Leave out every picture and set down, exactly, the lines below from the one holding "本项目资本金包括地方水利建设" up to and including the one holding "นับตั้งแต่เข้าสู่ปี 2026 เป็นต้นมา".

Input data ▸
+++++

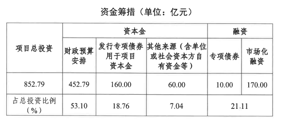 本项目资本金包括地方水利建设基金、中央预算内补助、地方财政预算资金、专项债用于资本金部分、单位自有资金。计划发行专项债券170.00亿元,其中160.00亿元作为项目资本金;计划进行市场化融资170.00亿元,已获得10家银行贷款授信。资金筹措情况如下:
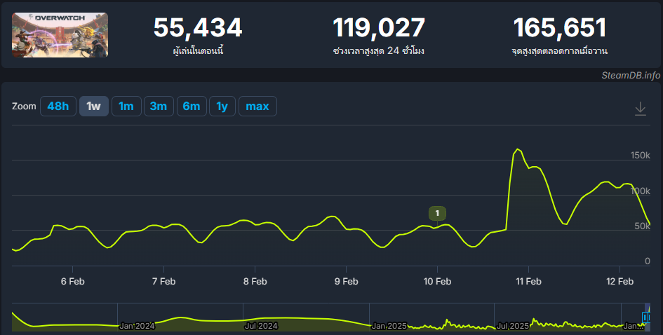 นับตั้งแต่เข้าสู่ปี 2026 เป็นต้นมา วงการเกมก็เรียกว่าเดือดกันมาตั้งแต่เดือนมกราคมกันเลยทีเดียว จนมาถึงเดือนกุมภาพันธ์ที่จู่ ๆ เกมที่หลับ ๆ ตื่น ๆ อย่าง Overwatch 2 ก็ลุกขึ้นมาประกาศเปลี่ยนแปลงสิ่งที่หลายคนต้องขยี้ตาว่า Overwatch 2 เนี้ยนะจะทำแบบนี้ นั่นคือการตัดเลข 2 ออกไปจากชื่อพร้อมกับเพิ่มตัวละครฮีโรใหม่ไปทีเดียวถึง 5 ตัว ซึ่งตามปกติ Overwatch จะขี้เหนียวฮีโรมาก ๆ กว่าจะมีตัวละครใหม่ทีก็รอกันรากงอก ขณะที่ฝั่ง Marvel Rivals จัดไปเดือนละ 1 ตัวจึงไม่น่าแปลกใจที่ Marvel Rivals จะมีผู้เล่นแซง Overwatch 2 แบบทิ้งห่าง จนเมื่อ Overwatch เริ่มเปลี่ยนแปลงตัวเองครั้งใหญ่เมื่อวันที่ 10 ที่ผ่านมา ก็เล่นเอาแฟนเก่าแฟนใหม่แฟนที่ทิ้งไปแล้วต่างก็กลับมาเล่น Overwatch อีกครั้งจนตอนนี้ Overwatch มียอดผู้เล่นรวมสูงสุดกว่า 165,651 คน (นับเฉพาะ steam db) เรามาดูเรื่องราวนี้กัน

+++++

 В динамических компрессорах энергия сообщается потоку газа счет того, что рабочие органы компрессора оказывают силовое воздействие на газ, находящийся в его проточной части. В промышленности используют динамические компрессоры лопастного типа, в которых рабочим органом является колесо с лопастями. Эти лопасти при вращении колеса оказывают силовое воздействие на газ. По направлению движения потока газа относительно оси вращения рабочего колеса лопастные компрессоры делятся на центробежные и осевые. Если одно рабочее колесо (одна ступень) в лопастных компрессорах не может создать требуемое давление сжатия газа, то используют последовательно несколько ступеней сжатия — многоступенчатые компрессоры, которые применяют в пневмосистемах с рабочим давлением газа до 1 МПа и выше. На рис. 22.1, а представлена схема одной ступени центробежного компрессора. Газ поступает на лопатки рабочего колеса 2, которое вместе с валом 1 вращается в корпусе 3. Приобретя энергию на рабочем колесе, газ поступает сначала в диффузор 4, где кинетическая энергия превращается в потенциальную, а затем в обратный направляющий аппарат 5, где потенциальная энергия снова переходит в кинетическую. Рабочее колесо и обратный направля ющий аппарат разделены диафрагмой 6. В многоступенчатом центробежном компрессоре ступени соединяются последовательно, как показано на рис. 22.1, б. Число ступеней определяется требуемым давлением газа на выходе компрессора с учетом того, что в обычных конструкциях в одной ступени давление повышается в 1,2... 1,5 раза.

+++++

Answer below ▸
 本项目资本金包括地方水利建设基金、中央预算内补助、地方财政预算资金、专项债用于资本金部分、单位自有资金。计划发行专项债券170.00亿元,其中160.00亿元作为项目资本金;计划进行市场化融资170.00亿元,已获得10家银行贷款授信。资金筹措情况如下:
 นับตั้งแต่เข้าสู่ปี 2026 เป็นต้นมา วงการเกมก็เรียกว่าเดือดกันมาตั้งแต่เดือนมกราคมกันเลยทีเดียว จนมาถึงเดือนกุมภาพันธ์ที่จู่ ๆ เกมที่หลับ ๆ ตื่น ๆ อย่าง Overwatch 2 ก็ลุกขึ้นมาประกาศเปลี่ยนแปลงสิ่งที่หลายคนต้องขยี้ตาว่า Overwatch 2 เนี้ยนะจะทำแบบนี้ นั่นคือการตัดเลข 2 ออกไปจากชื่อพร้อมกับเพิ่มตัวละครฮีโรใหม่ไปทีเดียวถึง 5 ตัว ซึ่งตามปกติ Overwatch จะขี้เหนียวฮีโรมาก ๆ กว่าจะมีตัวละครใหม่ทีก็รอกันรากงอก ขณะที่ฝั่ง Marvel Rivals จัดไปเดือนละ 1 ตัวจึงไม่น่าแปลกใจที่ Marvel Rivals จะมีผู้เล่นแซง Overwatch 2 แบบทิ้งห่าง จนเมื่อ Overwatch เริ่มเปลี่ยนแปลงตัวเองครั้งใหญ่เมื่อวันที่ 10 ที่ผ่านมา ก็เล่นเอาแฟนเก่าแฟนใหม่แฟนที่ทิ้งไปแล้วต่างก็กลับมาเล่น Overwatch อีกครั้งจนตอนนี้ Overwatch มียอดผู้เล่นรวมสูงสุดกว่า 165,651 คน (นับเฉพาะ steam db) เรามาดูเรื่องราวนี้กัน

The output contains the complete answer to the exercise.